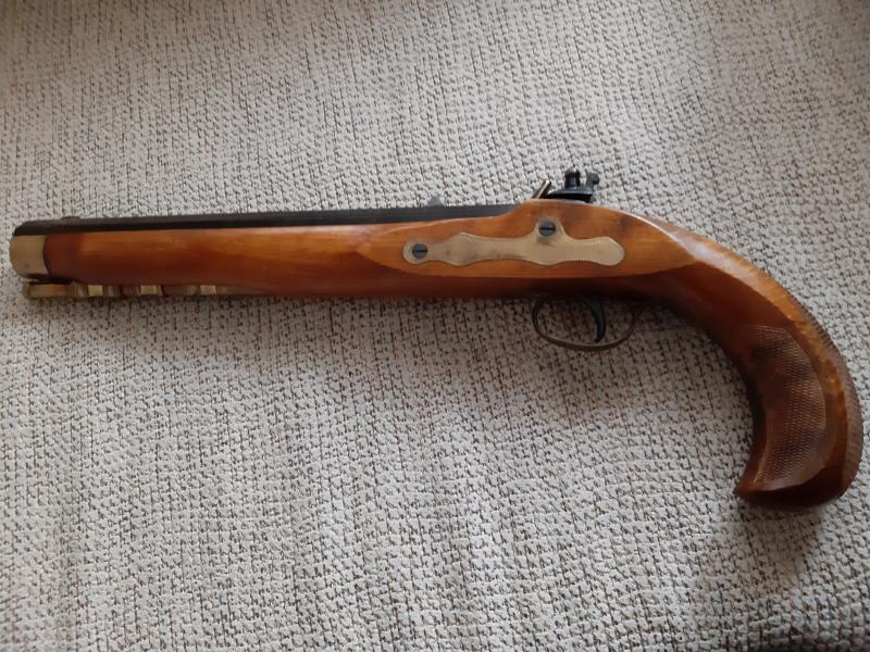 La otra pistola que también le regalaron en Santa Barbara es un modelo Kentacky con cañon estriado. La única leyenda que pone y mal puesta es "madera in spain".
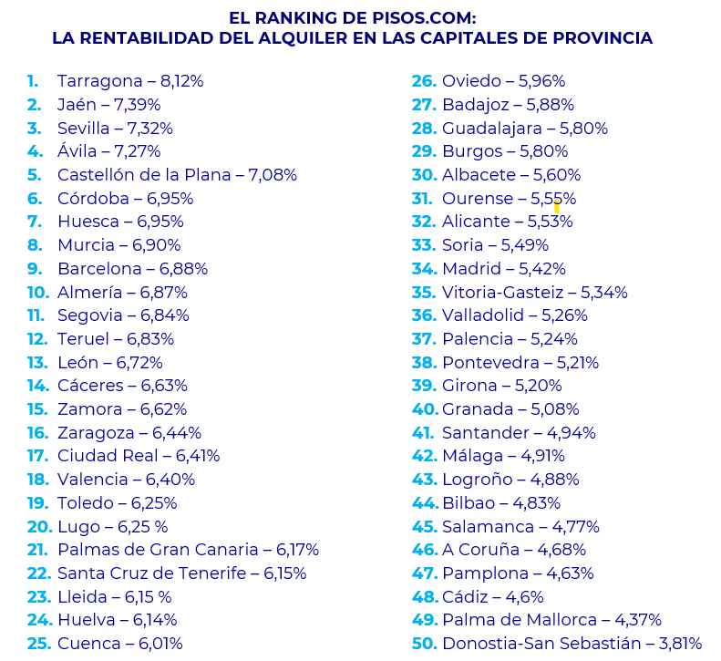 El ranking de pisos.com sobre la rentabilidad media del alquiler de las capitales de provincia españolas dibujó una horquilla que va desde una rentabilidad del 8,12% registrada en Tarragona al 3,81% de Donostia – San Sebastián. En este sentido, los precios más competitivos se encontraron en la ya citada Tarragona (8,12%), Jaén (7,39%), Sevilla (7,32%), Ávila (7,27%), Castellón de la Plana (7,08%), Córdoba (6,95%), Huesca (6,95%), Murcia (6,90%), Barcelona (6,88%) y Almería (6,87%). En el ranking de rentabilidad de las capitales de provincia menos beneficiosas fueron Donostia – San Sebastián (3,81%), Palma (4,37%), Cádiz (4,6%), Pamplona (4,63%), A Coruña (4,68%), Salamanca (4,77%), Bilbao (4,83%), Logroño (4,88%), Málaga (4,91%) y Santander (4,94%). Tanto Madrid como Barcelona consolidan una evolución positiva en el mercado inmobiliario. Barcelona destaca con un notable incremento de su rentabilidad, que pasa del 5,88% en septiembre al 6,88% en octubre, mientras que Madrid también registra una subida, aunque más moderada, avanzando del 5,31% al 5,42%. Este comportamiento al alza en ambas capitales confirma su solidez como mercados de referencia y refuerza su posición como destinos prioritarios para la inversión inmobiliaria”,afirma el experto.
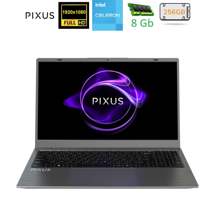 | PIXUS BIT – ДОСТУПНИЙ НОУТБУК З ВЕЛИКИМ, ЯСКРАВИМ FULL HD ДИСПЛЕЄМPixus BIT – це новий ноутбук розроблений, щоб подарувати вам яскраве, неймовірно деталізоване зображення за доступною ціною!Ноутбук Pixus BIT обладнаний великим, яскравим Full HD IPS дисплеєм з діагоналлю 15.6 дюймів та роздільною здатністю 1920x1080 px. Дані характеристики забезпечують передачу чіткого, деталізованого зображення без жодних розмитих пікселів. На ноутбуку BIT вам буде комфортно працювати з текстом та таблицями, переглядати фільми, або грати в прості ігри. IPS матриця забезпечує відтворення насичених та природних кольорів на екрані ноутбука, в порівнянні з застарілою TN матрицею, разом з ноутбуком BIT та IPS матрицею ви отримаєте дійсно яскраве та насичене зображення.Ще однією важливою перевагою ноутбука Pixus BIT є матове покриття екрана, яке захищає зображення від світлових відблисків та зменшує навантаження на очі при тривалій роботі за ноутбуком. Pixus BIT розроблений так, щоб ви могли працювати з комфортом, навіть, якщо на екран попадає сонячне світло. Також для комфортної роботи в вечірній час ноутбук Pixus BIT має підсвічування клавіатури. Ви зможете легко та комфортно працювати з клавіатурою навіть при відсутності світла.ДОСТАТНЯ ПОТУЖНІСТЬ! 8 GB ОПЕРАТИВНОЇ ПАМ’ЯТІ та 256 GB ДЛЯ ЗБЕРІГАННЯ ФАЙЛІВНоутбук Pixus BIT має достатню потужність для більшості офісних завдань та специфічних програм таких як: BAS\BAF бухгалтерія, KBS, кошторисні програми: AVK5 та Кошторис 8. 8 GB оперативної пам’яті ноутбука забезпечать стабільну роботу багатьох програм, навіть при одночасному використанні. Великою перевагою ноутбука BIT є можливість збільшення оперативної пам’яті до 16 GB. Крім офісних програм на ноутбуку BIT ви легко зможете використовувати програми для редагування фото, як GIMP та базові програми для освоєння дизайну. Вбудована пам'ять ноутбука BIT представлена змінним SSD M2 диском обсягом у 256 GB. Якщо вам потрібно більше місця для зберігання файлів та програм ви легко зможете замінити встановлений SSD на інший SSD диск обсягом аж до 4 Терабайт!ЕНЕРГОЕФЕКТИВНИЙ ПРОЦЕСОР. ВЕЛИКА КІЛЬКІСТЬ ФУНКЦІОНАЛЬНИХ РОЗ'ЄМІВPixus BIT оснащений енергоефективним процесором Intel Celeron N5095 з чотирма ядрами та частотою в 2.9 ГГц. Потужності ноутбука BIT та даного процесора достатньо для комфортної роботи в програмах по об'ємному моделюванню як SketchUP або інших схожих за характеристиками програмах.Крім хороших характеристик за доступну ціну, ноутбук Pixus BIT має великий набір функціональних роз’ємів по боках ноутбука. Pixus BIT має: роз’єм HDMI для підключення монітора або телевізора, TF-CARD слот, один роз’єм USB 3.0 та два роз’єми USB 2.0, мережевий роз`єм RJ-45 для швидкого інтернету (1Гб/с ), роз’єм Type-C з підтримкою зарядки USB-PD, комбінований роз’єм 3.5 мм для навушників та мікрофону. А ще - спеціальну шторку приватності, яка закриває фронтальну камеру для вашого спокою та безпеки.ДВІ МОДИФІКАЦІЇ НОУТБУКА Windows 11 Pro або без ОСНоутбук BIT постачається в двох модифікаціях: з вже встановленою операційною системою, а саме ліцензованою версією Windows 11 Pro, або без операційної системи, що дозволить вам самостійно обрати та встановити операційну систему.Обравши ноутбук BIT з Windows 11 Pro ви отримаєте готовий до роботи пристрій, як тільки дістанете його з коробки. Жодних турбот про пошук та встановлення ліцензованої операційної системи + економія значних коштів на покупці Wi
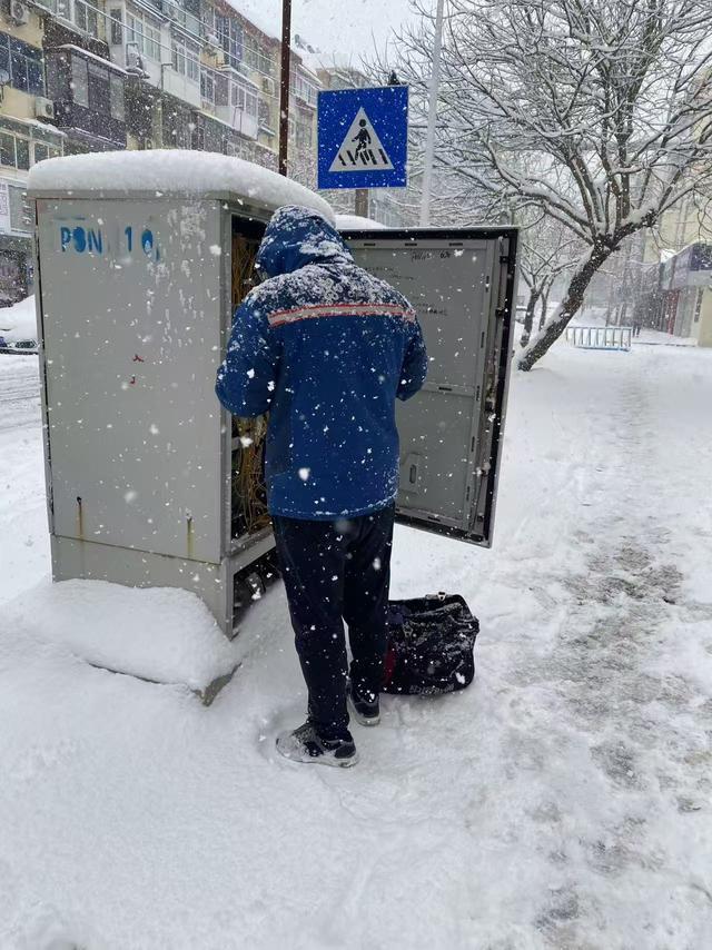 暴雪导致部分区域供电中断、道路封闭、线路积雪覆冰,基站退服和光缆中断风险急剧上升。烟台联通保障人员化身风雪中的“通信卫士”,顶风冒雪,克服严寒与路滑等多重困难,展开了一场与时间赛跑的抢修攻坚战。他们对党政军机关、应急指挥中心、交通枢纽、医院等重要场所实施最高等级保障,开展不间断巡查与值守;在车辆无法通行的区域,维护人员肩扛手提发电机与光缆设备,徒步跋涉深入故障点,清理积雪、熔接光缆;为应对大面积市电中断,他们争分夺秒调配、运送发电油机,确保基站持续供电,并加强所有户外通信设施的防冻保暖巡检。与此同时,公司积极与电力、交通等部门高效协同,合力清除障碍,为抢通线路争取宝贵时间,全方位守护着城市通信脉络的坚韧与畅通。
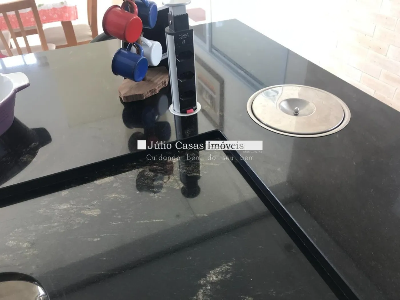Os pisos são de alta qualidade, com Portinari 90x90 na sala, cozinha e área gourmet. Os quartos e o home theater possuem piso vinílico Tarkett, e o rodapé é da Santa Luzia.
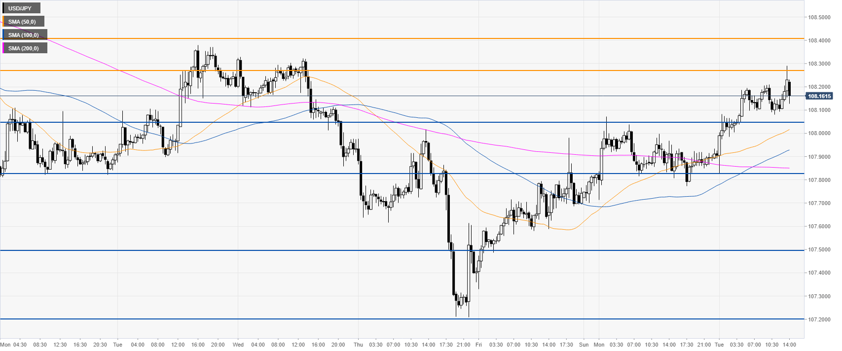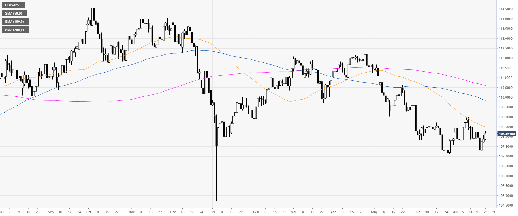 USD/JPY is up for the third consecutive day but still trading below the main daily simple moving averages (DSMAs). Spot is trading above the 108.00 figure.
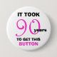 This milestone 90th birthday gag gifts button for her reads, "It took 90 years to get this button". With hot pink and black text this design was clearly made just for women. It makes a wonderful gag gift for the woman celebrating a ninetieth birthday. Words and Design protected by Copyright Kathy Henis 9-25-13
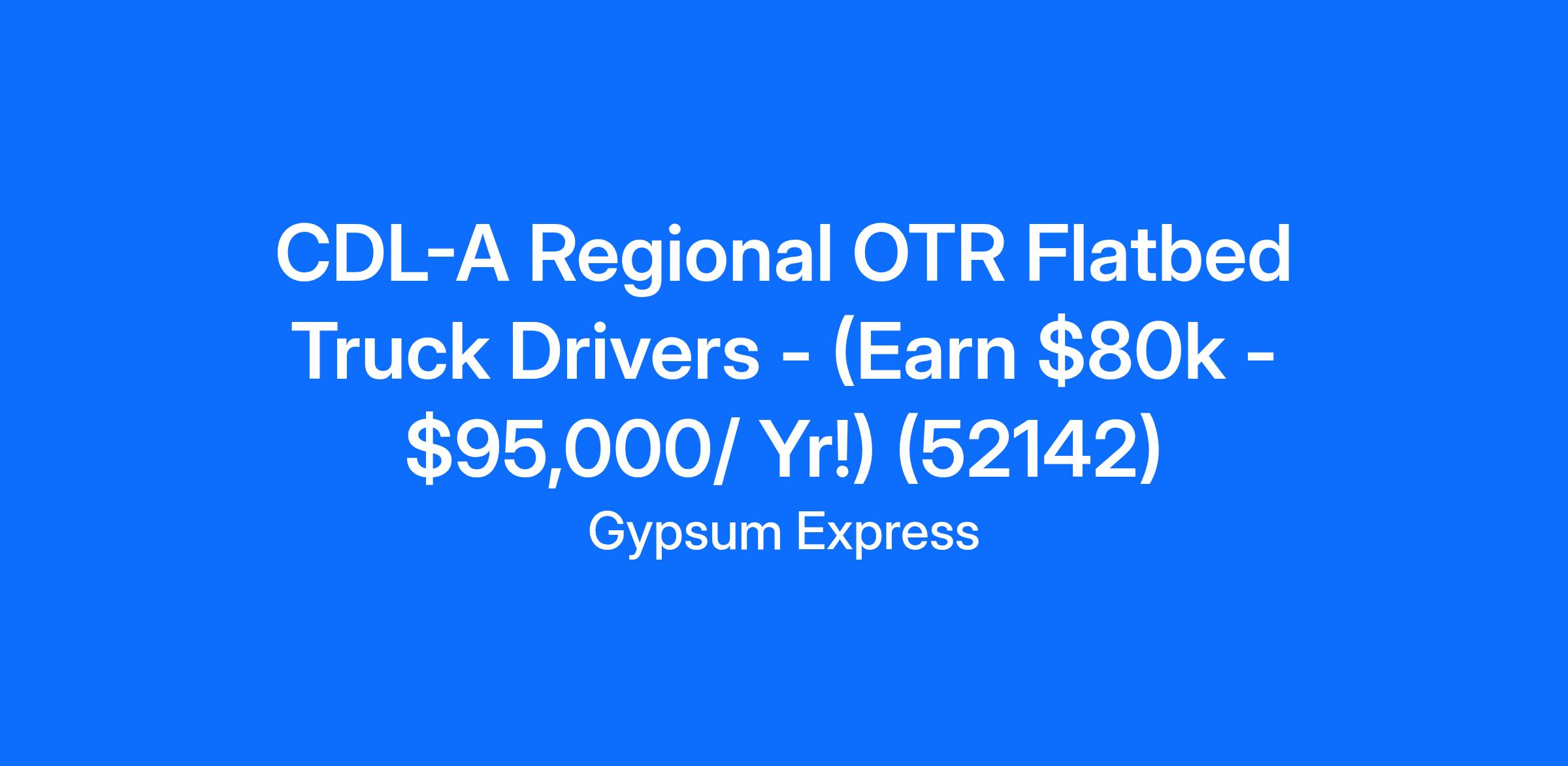 CDL-A Regional OTR Flatbed Truck Drivers - (Earn $80k - $95,000/ Yr!) (52142)
####################
Write out only the lines from the line containing "This milestone 90th" through the end of the material above, both end lines included. Pictures are not written out.

- [RESPONSE]:
 This milestone 90th birthday gag gifts button for her reads, "It took 90 years to get this button". With hot pink and black text this design was clearly made just for women. It makes a wonderful gag gift for the woman celebrating a ninetieth birthday. Words and Design protected by Copyright Kathy Henis 9-25-13
 CDL-A Regional OTR Flatbed Truck Drivers - (Earn $80k - $95,000/ Yr!) (52142)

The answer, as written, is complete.